TENTH FIFTH. The resolutions of the Supreme Court of Justice of the Nation constitute case law, provided that it is based on five non-interrupted sentences to the contrary, and which have been approved by at least eight ministers.

Mexico, D.F., to May 19, 1995.-Sen. German Sierra Sanchez, President.-Dip. Alejandro Zapata Perogordo, President.-Sen. Angel Ventura Valle, Secretary.-Dip. Anastacia Guadalupe Flores Valdez, Secretariat.-Rubicas ".

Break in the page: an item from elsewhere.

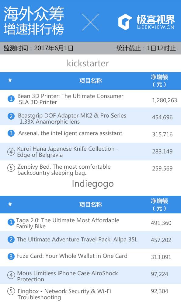 今天 Kickstarter 今天新上榜第一名的是桌面Bean 3D 打印机,今天共筹得 1,280,263 RMB。
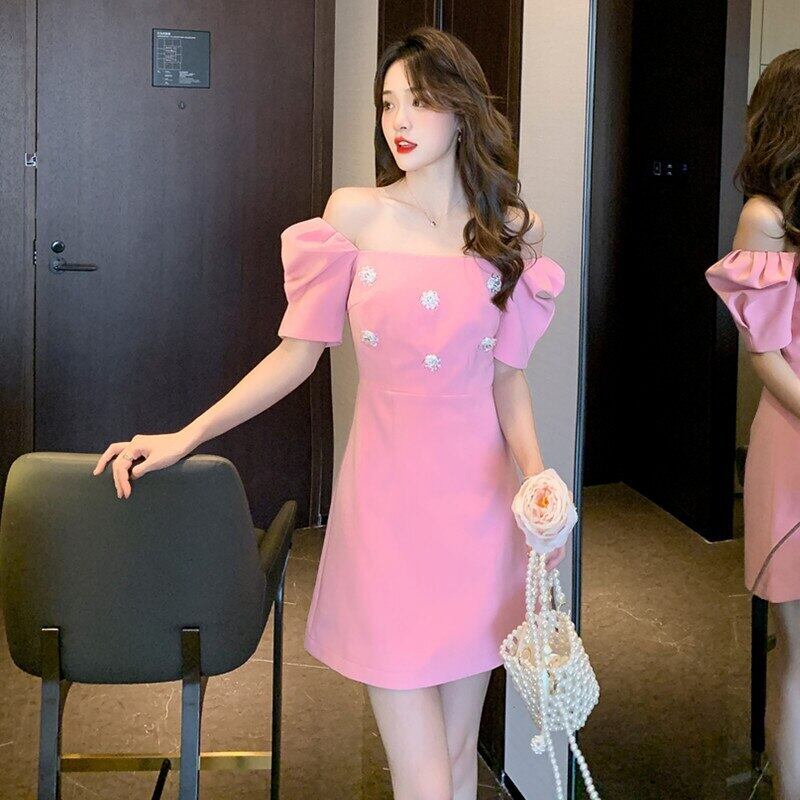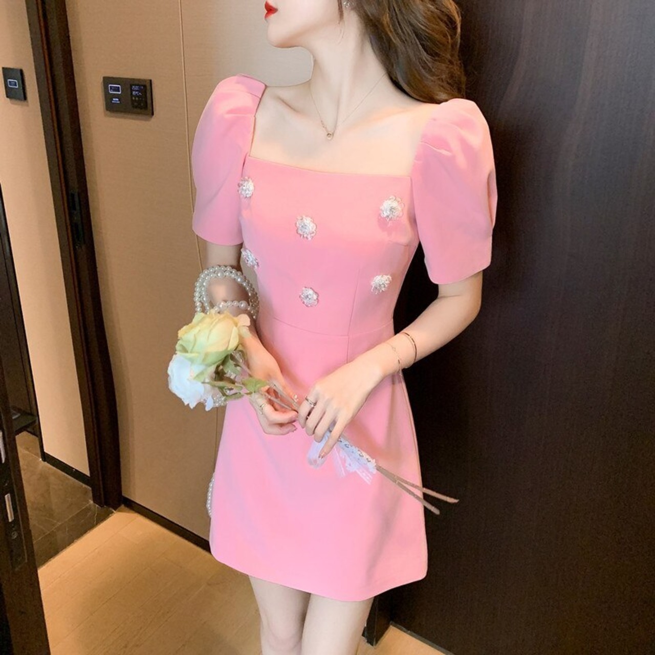 eseピンクミニドレス女性Y2kスクエアカラー半袖ミニドレス気質Aラインスリムドレス ショート ハーフスリーブ スクウェア

In compliance with the provisions of Article 89 of the Political Constitution of the United Mexican States, and for their due publication and observance, I ask for this Decree at the residence of the Federal Executive Branch, in Mexico City, Federal District, at the twenty-five days of May of a thousand nine hundred and ninety-five.-The Constitutional President of the United Mexican States.- Ernesto Zedillo Ponce de León.-Heading.-The Secretary Government, Esteban Moctezuma Barragan.-Heading.